If that doesn’t convince you, it’s easy to calculate the Pearson correlation—it’s
the default in pandas, so removing the method='spearman'
above should do
the trick. If you’re impatient, you can just peek at the
results.
Conclusions
The most striking thing about this chart is its blueness. Despite our tribalism, writing scads of C# doesn’t make programmers any less likely to hack on some R. Even PHP, perhaps the most hated programming language on earth, has a slight positive correlation with Haskell. After seeing so many flamewars in forums, on mailing lists, and even in person, I expected language communities to be more insular. I’m particularly surprised by the positive correlations between the languages associated with proprietary platforms (C#, Objective-C, and ActionScript) and the traditionally open-source languages.
Not surprisingly, special-purpose languages are the exception to this rule.

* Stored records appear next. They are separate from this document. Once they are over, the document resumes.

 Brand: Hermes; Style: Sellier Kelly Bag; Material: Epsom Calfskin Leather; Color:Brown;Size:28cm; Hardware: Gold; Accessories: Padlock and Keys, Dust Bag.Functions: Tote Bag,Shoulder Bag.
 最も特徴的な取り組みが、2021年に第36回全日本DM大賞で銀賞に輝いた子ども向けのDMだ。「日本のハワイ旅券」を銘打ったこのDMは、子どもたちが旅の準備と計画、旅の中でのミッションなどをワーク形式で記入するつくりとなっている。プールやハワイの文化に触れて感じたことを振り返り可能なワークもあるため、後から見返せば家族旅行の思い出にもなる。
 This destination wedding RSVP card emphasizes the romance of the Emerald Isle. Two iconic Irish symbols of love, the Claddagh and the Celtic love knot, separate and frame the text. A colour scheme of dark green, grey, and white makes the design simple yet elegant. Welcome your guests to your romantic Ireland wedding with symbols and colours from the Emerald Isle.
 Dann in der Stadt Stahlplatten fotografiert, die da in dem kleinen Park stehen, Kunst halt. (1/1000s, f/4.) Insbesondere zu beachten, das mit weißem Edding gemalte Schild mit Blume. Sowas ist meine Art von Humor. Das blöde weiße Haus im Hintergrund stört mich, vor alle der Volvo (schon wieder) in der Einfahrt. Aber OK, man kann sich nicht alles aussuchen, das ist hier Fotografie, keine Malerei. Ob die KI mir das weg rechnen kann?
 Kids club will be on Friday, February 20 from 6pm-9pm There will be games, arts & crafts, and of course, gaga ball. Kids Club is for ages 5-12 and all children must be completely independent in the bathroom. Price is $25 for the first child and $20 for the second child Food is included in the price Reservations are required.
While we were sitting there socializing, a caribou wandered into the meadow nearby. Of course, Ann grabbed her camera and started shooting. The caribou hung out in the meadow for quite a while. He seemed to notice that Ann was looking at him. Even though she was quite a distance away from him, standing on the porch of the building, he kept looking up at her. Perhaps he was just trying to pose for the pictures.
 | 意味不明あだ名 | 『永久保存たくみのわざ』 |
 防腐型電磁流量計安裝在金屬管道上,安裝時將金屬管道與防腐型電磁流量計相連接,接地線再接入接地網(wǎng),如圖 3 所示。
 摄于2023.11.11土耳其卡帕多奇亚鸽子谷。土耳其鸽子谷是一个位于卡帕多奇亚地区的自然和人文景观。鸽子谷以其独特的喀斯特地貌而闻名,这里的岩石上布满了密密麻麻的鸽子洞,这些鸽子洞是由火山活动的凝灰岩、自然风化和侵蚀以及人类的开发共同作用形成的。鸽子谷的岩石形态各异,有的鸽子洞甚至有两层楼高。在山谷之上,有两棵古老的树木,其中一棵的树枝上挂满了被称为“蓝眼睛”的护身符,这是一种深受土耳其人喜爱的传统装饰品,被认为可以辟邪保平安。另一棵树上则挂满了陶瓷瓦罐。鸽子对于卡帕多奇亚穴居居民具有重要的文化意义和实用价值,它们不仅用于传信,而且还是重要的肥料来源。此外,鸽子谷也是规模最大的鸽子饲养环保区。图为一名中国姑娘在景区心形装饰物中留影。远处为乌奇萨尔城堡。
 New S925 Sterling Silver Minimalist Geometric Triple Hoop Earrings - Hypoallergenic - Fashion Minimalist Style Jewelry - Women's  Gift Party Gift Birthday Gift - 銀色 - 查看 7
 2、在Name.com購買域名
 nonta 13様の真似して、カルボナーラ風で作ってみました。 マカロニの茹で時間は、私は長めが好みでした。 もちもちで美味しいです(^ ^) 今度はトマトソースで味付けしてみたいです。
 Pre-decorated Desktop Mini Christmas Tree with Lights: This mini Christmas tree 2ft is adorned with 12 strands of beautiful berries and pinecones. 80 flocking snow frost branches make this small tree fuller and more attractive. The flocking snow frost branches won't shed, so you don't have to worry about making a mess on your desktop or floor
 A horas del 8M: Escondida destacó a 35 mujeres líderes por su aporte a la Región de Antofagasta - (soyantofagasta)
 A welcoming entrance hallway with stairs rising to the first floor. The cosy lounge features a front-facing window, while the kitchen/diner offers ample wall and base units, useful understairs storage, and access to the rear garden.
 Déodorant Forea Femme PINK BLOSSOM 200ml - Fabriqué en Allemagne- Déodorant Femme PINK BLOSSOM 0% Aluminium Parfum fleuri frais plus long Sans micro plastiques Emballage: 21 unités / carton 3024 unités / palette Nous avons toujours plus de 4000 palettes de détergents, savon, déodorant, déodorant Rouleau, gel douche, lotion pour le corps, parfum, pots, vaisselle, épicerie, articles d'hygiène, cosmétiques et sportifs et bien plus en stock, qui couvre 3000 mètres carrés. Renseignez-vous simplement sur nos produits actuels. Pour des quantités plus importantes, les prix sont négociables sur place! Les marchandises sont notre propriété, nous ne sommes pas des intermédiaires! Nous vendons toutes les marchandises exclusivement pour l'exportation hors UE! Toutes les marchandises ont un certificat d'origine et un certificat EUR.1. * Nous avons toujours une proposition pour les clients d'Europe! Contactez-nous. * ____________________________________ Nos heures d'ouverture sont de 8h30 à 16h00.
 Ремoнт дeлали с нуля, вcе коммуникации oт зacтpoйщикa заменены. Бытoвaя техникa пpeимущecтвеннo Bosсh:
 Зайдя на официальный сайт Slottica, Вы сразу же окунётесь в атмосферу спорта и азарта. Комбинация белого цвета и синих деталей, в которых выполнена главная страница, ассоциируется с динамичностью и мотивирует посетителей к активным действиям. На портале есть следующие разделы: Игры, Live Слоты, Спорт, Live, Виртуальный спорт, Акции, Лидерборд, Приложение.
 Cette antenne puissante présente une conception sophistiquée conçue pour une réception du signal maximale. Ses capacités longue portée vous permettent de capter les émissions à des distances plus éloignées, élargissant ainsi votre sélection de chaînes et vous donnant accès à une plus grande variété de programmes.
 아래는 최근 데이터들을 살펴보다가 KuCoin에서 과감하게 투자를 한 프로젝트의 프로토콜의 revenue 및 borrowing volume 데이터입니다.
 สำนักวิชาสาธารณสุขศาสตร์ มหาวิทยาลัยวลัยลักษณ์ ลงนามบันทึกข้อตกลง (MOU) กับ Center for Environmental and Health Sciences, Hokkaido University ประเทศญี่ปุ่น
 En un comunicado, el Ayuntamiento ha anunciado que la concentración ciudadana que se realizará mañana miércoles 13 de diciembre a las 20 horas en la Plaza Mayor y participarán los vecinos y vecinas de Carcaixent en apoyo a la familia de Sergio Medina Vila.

R, Matlab, and Puppet have more strong correlations (both positive and negative) than the norm, likely because of their niche roles in data analysis and devops.
Like any analysis project, this one comes with a few caveats:
- GitHub pushes aren’t a perfect measure of activity. Then again, neither are commits, lines of code changed, or anything else I’ve heard of.
- This data only considers public projects on GitHub, many of which are open source. Open-source programmers, and projects, may behave quite differently from their closed-source counterparts.
- Correlation isn’t causation.
I’ve only scratched the surface here—if you’ve got some ideas, let me know!